Try it: Before copying, find the line below that contains "Dettagli e Vestibilità: •"; then return it and all later lines exactly, up to and including the final line, with no pictures.
(Beginning of Given material)
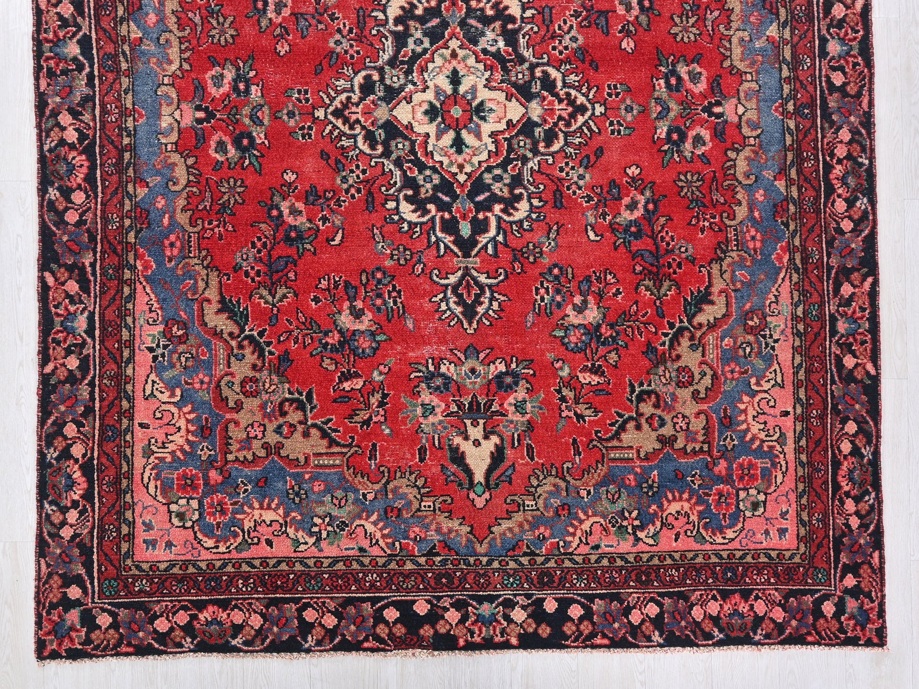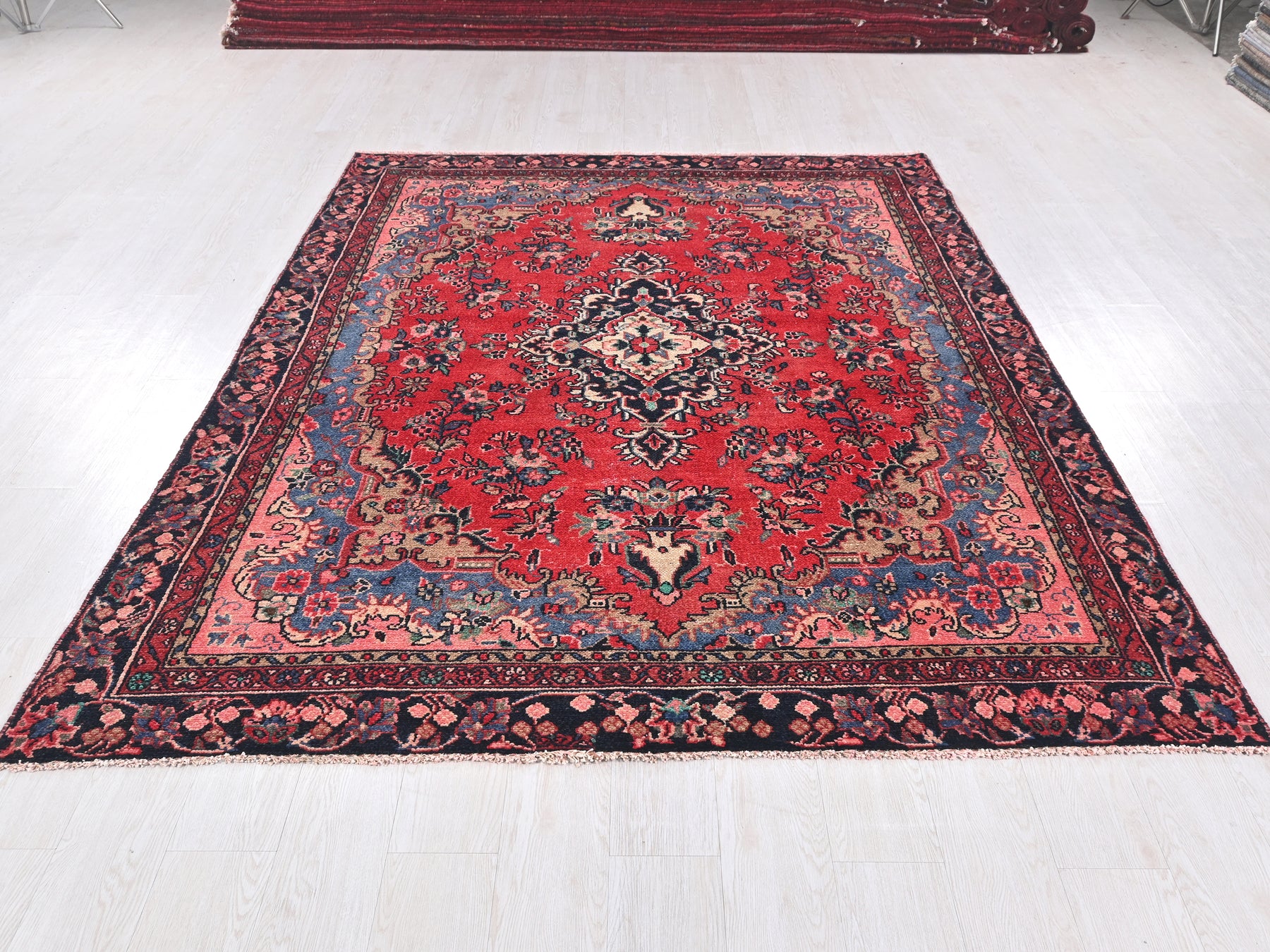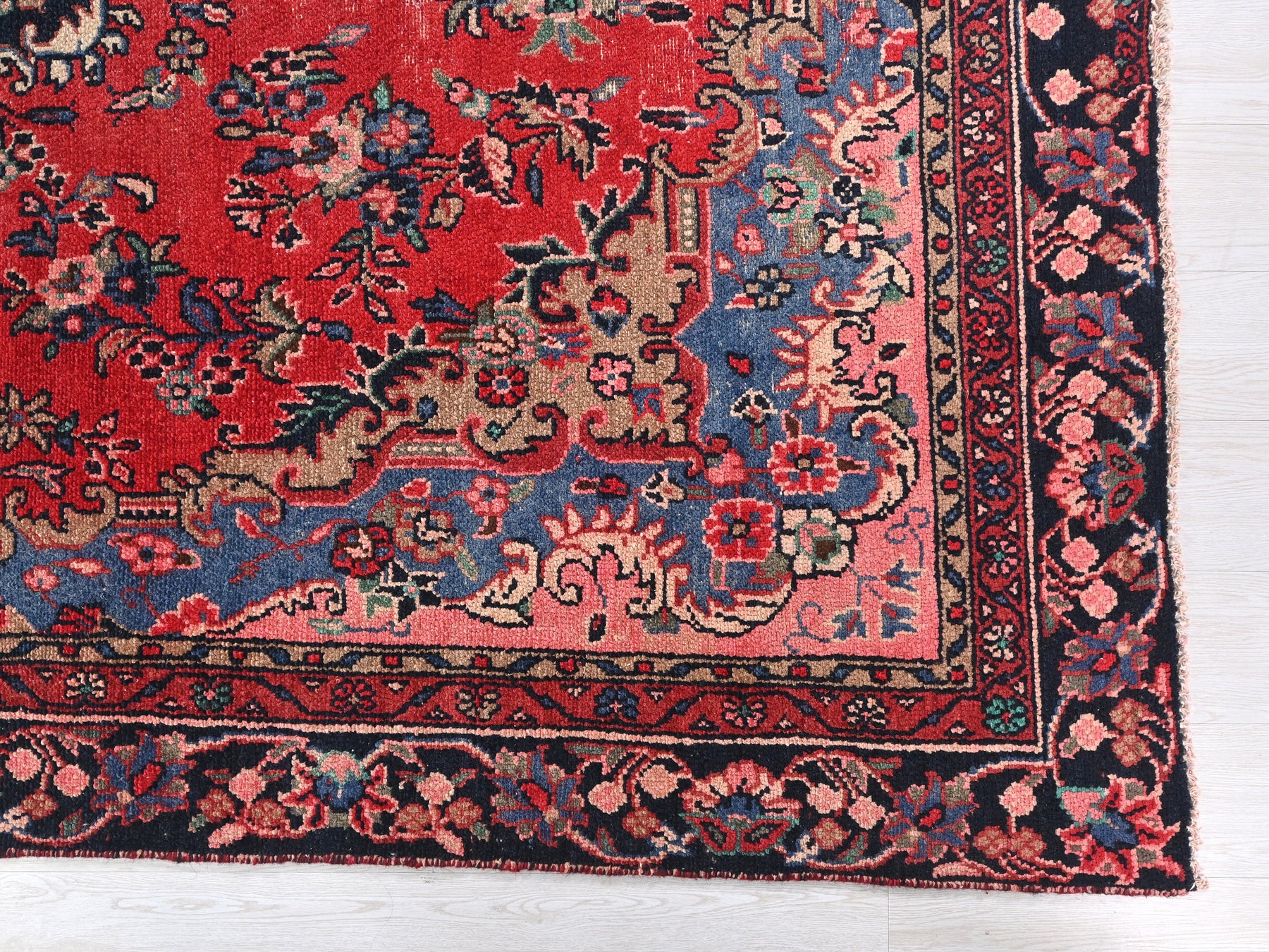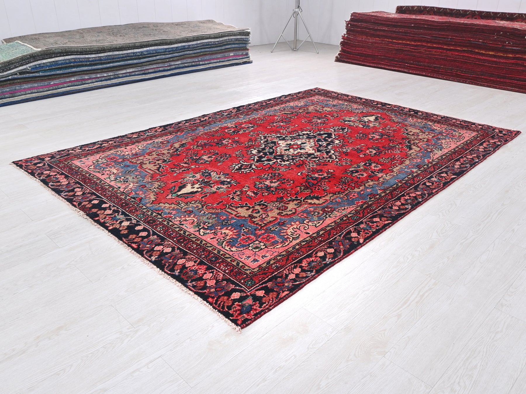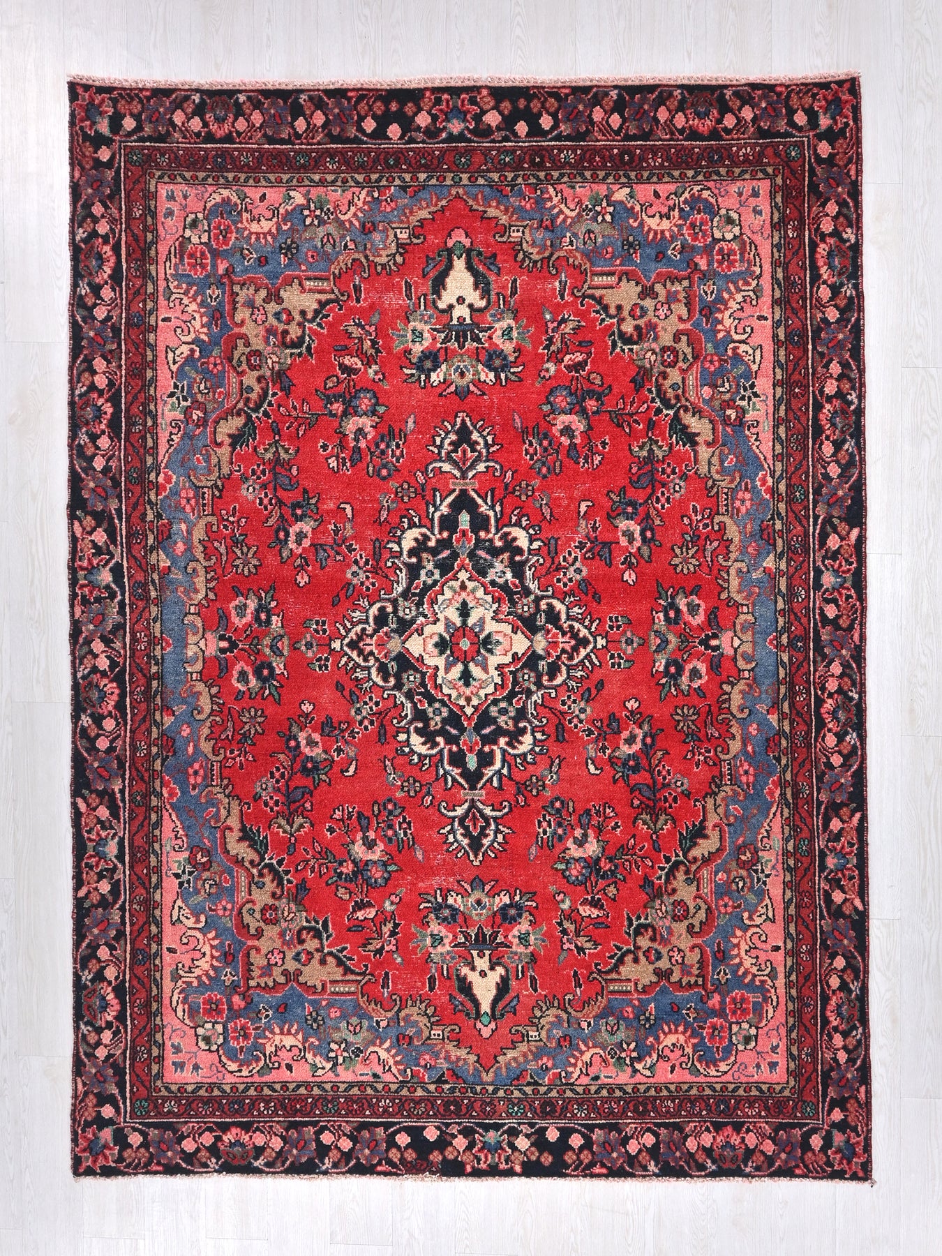 This is a hand-knotted, one-of-a-kind vintage rug. Due to the nature of this piece, there may be slight imperfections in its wear, shape, dimensions, and color. All of our rugs are professionally cleaned and repaired.
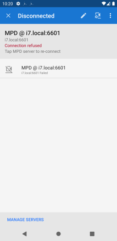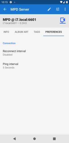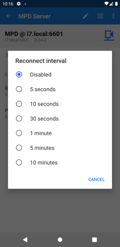 Added option to disable auto-reconnect per MPD server. Select the auto-reconnect interval from the server Preferences tab in the MPD server details view.
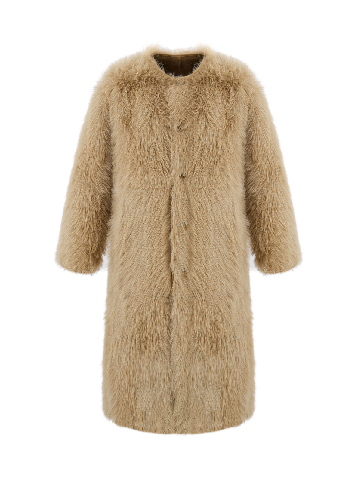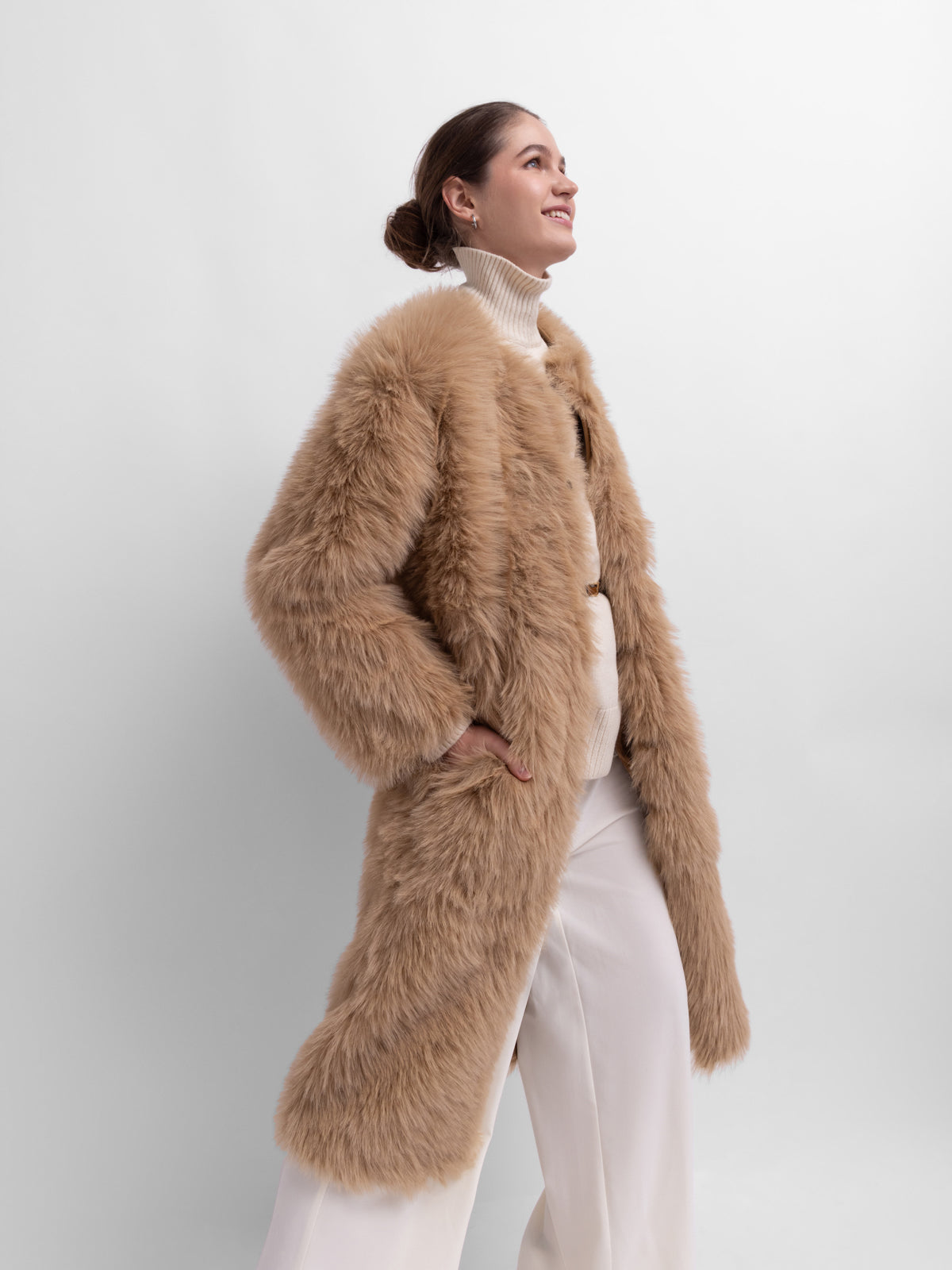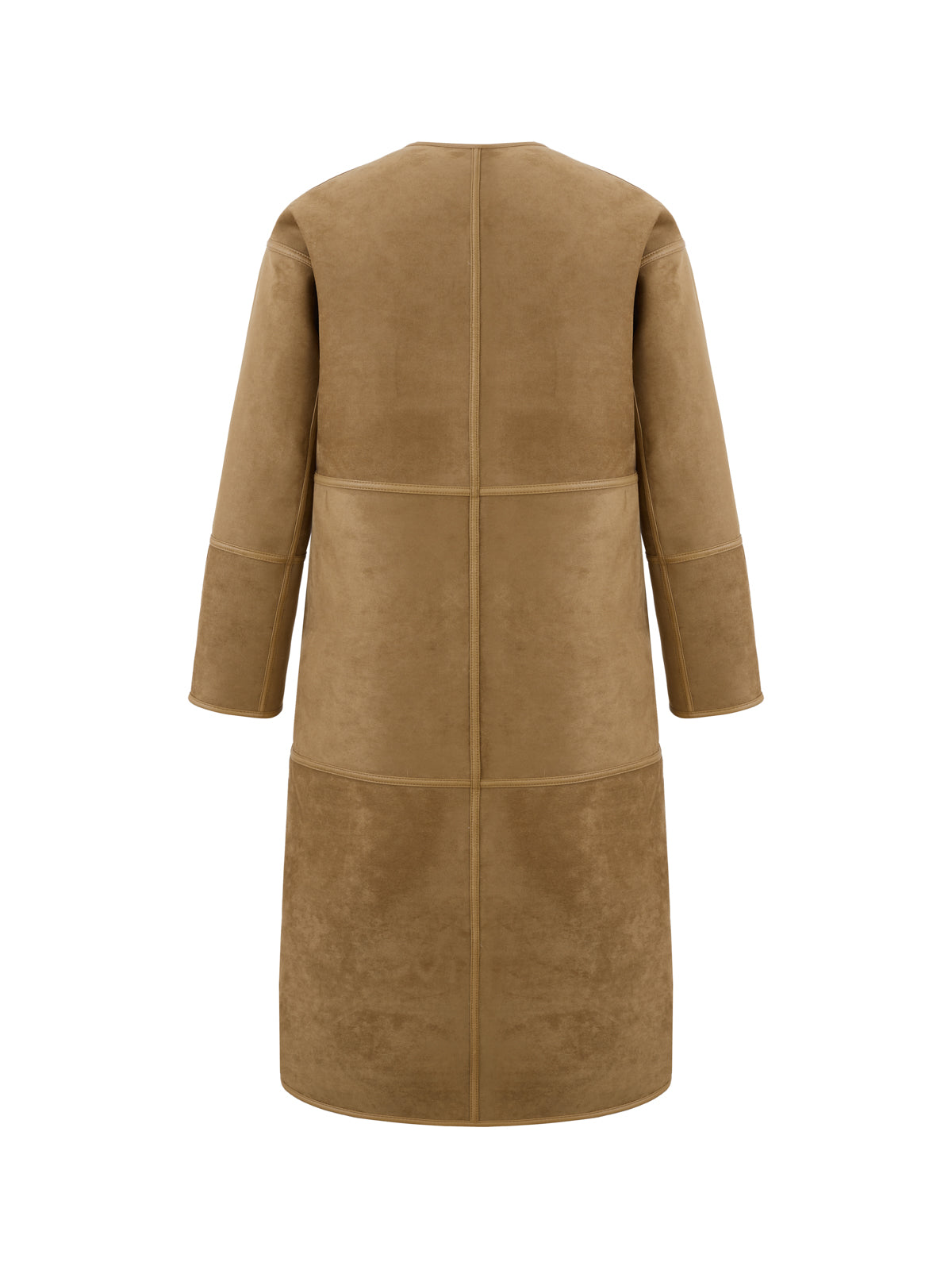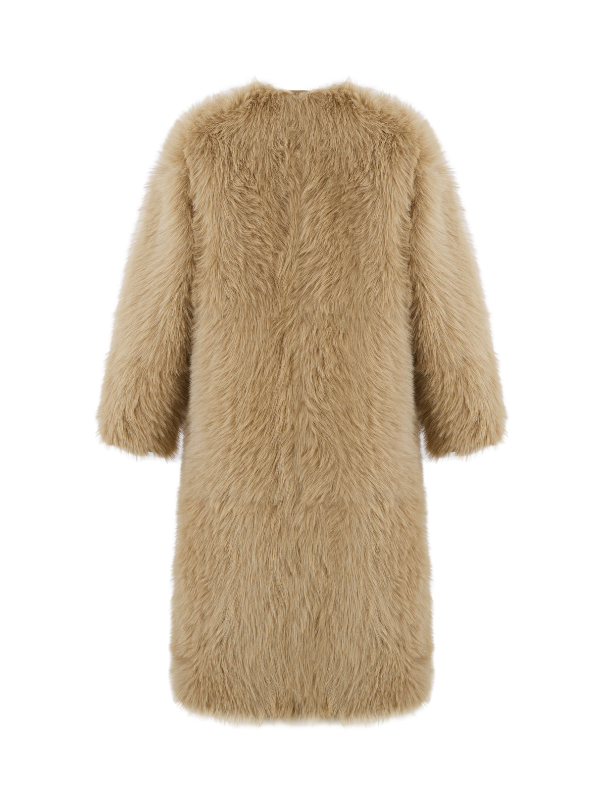 Dettagli e Vestibilità: • La modella indossa una taglia S INT • Composizione: Finta Pelle Scamosciata: 92% Poliestere, 8% Elastan; Pelliccia Sintetica: 100% Poliestere • Colore: Caramel • SKU: BJ20018CH • Made in CN
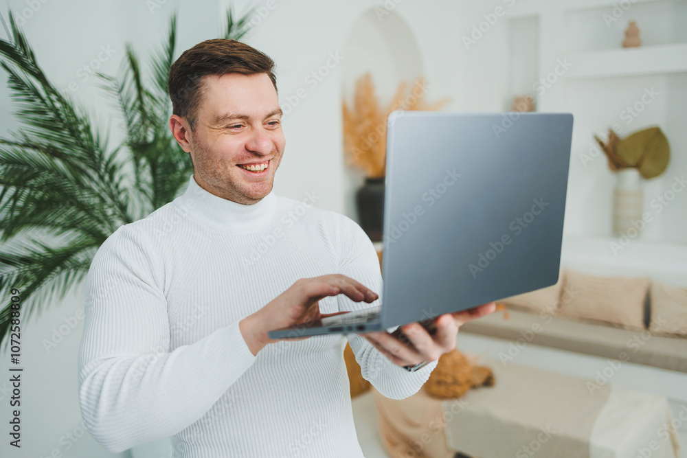A man in a white sweater is working on a laptop at home. male freelancer works online remotely.
(End of Given material)
Answer section:
 Dettagli e Vestibilità: • La modella indossa una taglia S INT • Composizione: Finta Pelle Scamosciata: 92% Poliestere, 8% Elastan; Pelliccia Sintetica: 100% Poliestere • Colore: Caramel • SKU: BJ20018CH • Made in CN
A man in a white sweater is working on a laptop at home. male freelancer works online remotely.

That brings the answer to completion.